In the Greek context, Stephen G. Salkever has noted that traditional genre expectations must not inhibit political theorists from bringing narrative history, imaginative literature and self-conscious philosophising into dialogue with one another when delving into politics and human action (Salkever 2009:4-5). Wherever there is logoi, or articulate speech about human nature and its relationship to nature as a whole, be it in imaginative literature or narrative history, it should be brought into dialogue with the logoi of our present institutions and practices to fine-tune the judgment of citizens about what constitutes ‘the good life’ and right political action. For political thinking must attend not only to modern concerns like securing equal liberty and a social minimum, but also to instilling practical wisdom in citizens and intellectuals on enduring political problems such as politicians who defy wise counsel, unbridled ambitions of the elite, or even erotic misadventures of the youth.
Apposite here is also Michael Freeden’s advice that political thinking must move towards an ‘interpretative realism’ where the general nature of the political in all its intricate expressions, including vernacular forms’ (Freeden 2012: 4), are explored. He counsels that the power aspect of politics, though permeating all of its forms as a core feature, does not offer a sufficient toolkit to decode the political, and that thinking politically should include, among others, ‘discourses containing the ranking of collective priorities and the distribution of social significance, languages of social order and disorder and construction and critique of social visions, as well as the wielding of discursive power’ (Freeden 2012:4-5).
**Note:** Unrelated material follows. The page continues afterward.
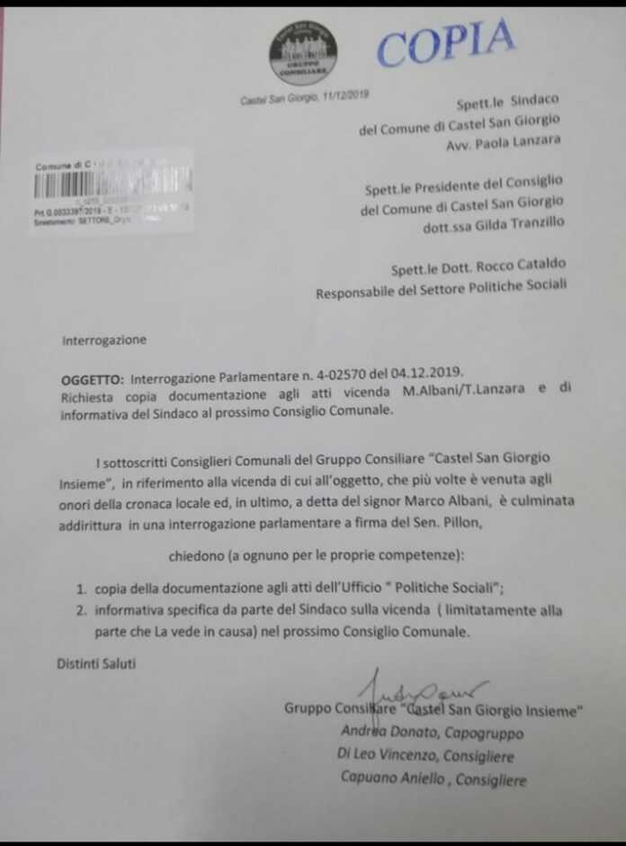 A seguito della mia Comunicazione di ieri, inviata a tutti i Consiglieri Comunali del Comune di Castel San Giorgio, inerente il presunto conflitto di interessi del Sindaco , Avv. Paola Lanzara, in quanto la stessa ricopriva anche il ruolo di Legale della controparte, quando furono interessati i Servizi Sociali, per la situazione con mio Figlio Alessandro, apprendo ora un primo riscontro. Voglio ringraziare il Gruppo Consiliare ” Castel San Giorgio Insieme” Costituito dai Consiglieri, Andrea Donato, Vincenzo Di Leo ed Aniello Capuano, per aver presentato una richiesta di chiarimento al Sindaco. Mi auguro, visto che questi argomenti non devono avere colore politico, che si aggiungano altri Consiglieri Comunali, a prescindere dalla loro collocazione in maggioranza o in opposizione.

Love and Friendship, Allan Bloom’s magisterial work on a series of Western literary classics starting from Rousseau through Stendhal, to Austen, Tolstoy, Shakespeare and Plato, provides a stunning rationale on why political thought must delve into literary classics. He argues that cultivating the imagination about the highest human ends such as love and friendship is best done not through pedantic explanations (which reduce them to power-play utility), but rather through timeless plays and novels that bring these experiences alive and unveil their ambiguities and conflicts (Bloom 1993: 30). Political theorists must care about not only justice claims but also about forging social virtues and strengthening bonds of solidarity, which require that they attend to a whole gamut of human passions such as pleasure, revenge, love of glory, and so on. In love and friendship, humans discover their incompleteness, which propels them to seek exclusive relationships, wherein they learn to exercise courage, generosity, trust and sacrifice. As experiences, love and friendship compel humans to defy law and custom and resist being tamed by authority, be it of the family or state. Through them, humans are also lifted above self-interest to seek the good of the other and to accept the inequality, and even absence, of the benefits received. This makes love and friendship unlike political justice, where there is merely an attempt to induce through rewards and punishments the kind of association that friends and lovers have without the need for either’ (Bloom 1993: 548-549). Moreover, love and friendship can often come into conflict due to the imperious demands they make on individuals for loyalty and exclusivity, which is best captured in literary works rather than avowedly political tracts.
Following these leads, I have plunged into ‘imaginative literature’ or ‘vernacular discourses’ and brought self-conscious philosophising to bear on the same. In the Indian context, while the narrative history of epics is plumbed for political ideas, the imaginative literature of the past has been largely neglected. This is particularly glaring since many of the literary classics avowedly concern themselves with educating the young and ambitious about the right means to acquiring the triple ends of pleasure, wealth and kingdoms, distinguishing between friends and enemies, circumstances conducive to the practice of virtues in war and peace, and so on.